We ordinary citizens are not allowed to burn leaves anymore, because they pollute the air. They pollute with moisture and organic vegetable matter, however, and that doesn’t seem as frightening as some of the stuff we breathe. Coal-fired power plants, waste incinerators and steel recycling furnaces pour tons of toxic mercury and other heavy metals into our air.

Why, just the other day President Bush was up in Michigan praising his $2 billion program to support the coal industry’s pollution, while affirming that carbon dioxide is not responsible for global warming, existing anti-pollution statutes need to be relaxed, and there’s no hurry to improve auto emission standards. Bush’s twinkly little eyes were shining as he hailed his new Clean Coal Program, which extends the use of dirty coal. Bush views the environment with the same interest the Romans took in the Sabine Women.

Meanwhile, leaf blowers assault us with noise and exhaust gases. There’s something so pathetic about a man using one—standing there twitching his nozzle back and forth like a midget elephant. The leaves, once gathered, disappear. Children can’t risk death by riding their bikes through them at high speed. They can’t do a bombing run with left-over Fourth of July firecrackers. Their parents don’t get to shout out the window that the fire is too close to the car.

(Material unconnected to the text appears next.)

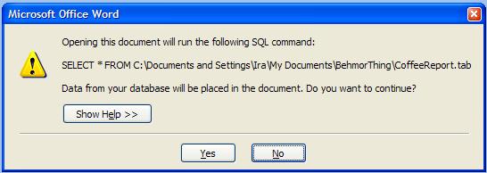 Once you've done that you need to open a Word mail merge file that can read that file. These two files are very basic examples of what to do. Download CoffeeReport.docx here: Download CoffeeReport.docx. Download RoastReport.docx here: Download RoastReport.docx. You should probably put the Word documents in your RoasterThing database folder, usually My Documents/RoasterThing or Documents/RoasterThing. Or if you've been using the program for a while, possibly My Documents/BehmorThing or Documents/BehmorThing. When I open either of those files I get this warning and I always say yes.

I suggest a small act of civil disobedience. Gather a small pile of nice dry leaves. Ask the children to circle around. Light the leaves and allow them to savor the magic aroma. Put out the fire before the cops arrive. Tell them that when you were their age, that smell was always in the air in the haunted twilight around Halloween. Why should the fat cats get to dump tons of poison into the air while we humble home-dwellers can’t even burn a few leaves?

Too bad that Injun Summer cartoon is specifically banned in numerous public school systems around the country. It harkins back to a time when the the University of Illinois' Chief Illiniwek and Marist High School's Redskins paid proud tribute to our American heritage. Today, these institutions have abandoned those tributes in the interest of political correctness for political correctness' sake, leaving a sad void in our Autumn traditions.

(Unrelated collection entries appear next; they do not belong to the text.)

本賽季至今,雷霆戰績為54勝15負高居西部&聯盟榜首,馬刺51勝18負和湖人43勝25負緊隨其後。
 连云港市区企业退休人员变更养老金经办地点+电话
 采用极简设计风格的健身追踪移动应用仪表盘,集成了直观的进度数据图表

For a fortysomething year old "Prufrock" (set in the month of October) prompts autumn feelings of melancholy that a seventeen year old only thinks he knows.

But that's the irony! Eliot was a callow college student when he wrote that wonderful poem, and if you read closely -- and examine the version in his college notebook, which has been published under the title Inventions of the March Hare -- Prufrock is Eliot, very thinly disguised.

Prufrock, like Eliot at the time, is not middle-aged, but in his 20s. The poem is not about a melancholy middle-aged man looking back on a failed life, but about a young man looking ahead with some degree of terror to a life at which he will have failed. Prufrock -- like Hamlet, to whom Prufrock refers in the poem -- demonstrates a kind of melancholy that only young men feel. Moreover, Prufrock's melancholy is the kind that only virginal young men feel. Doubtless, Roger, that is why the poem spoke so profoundly to you then (as it did to me).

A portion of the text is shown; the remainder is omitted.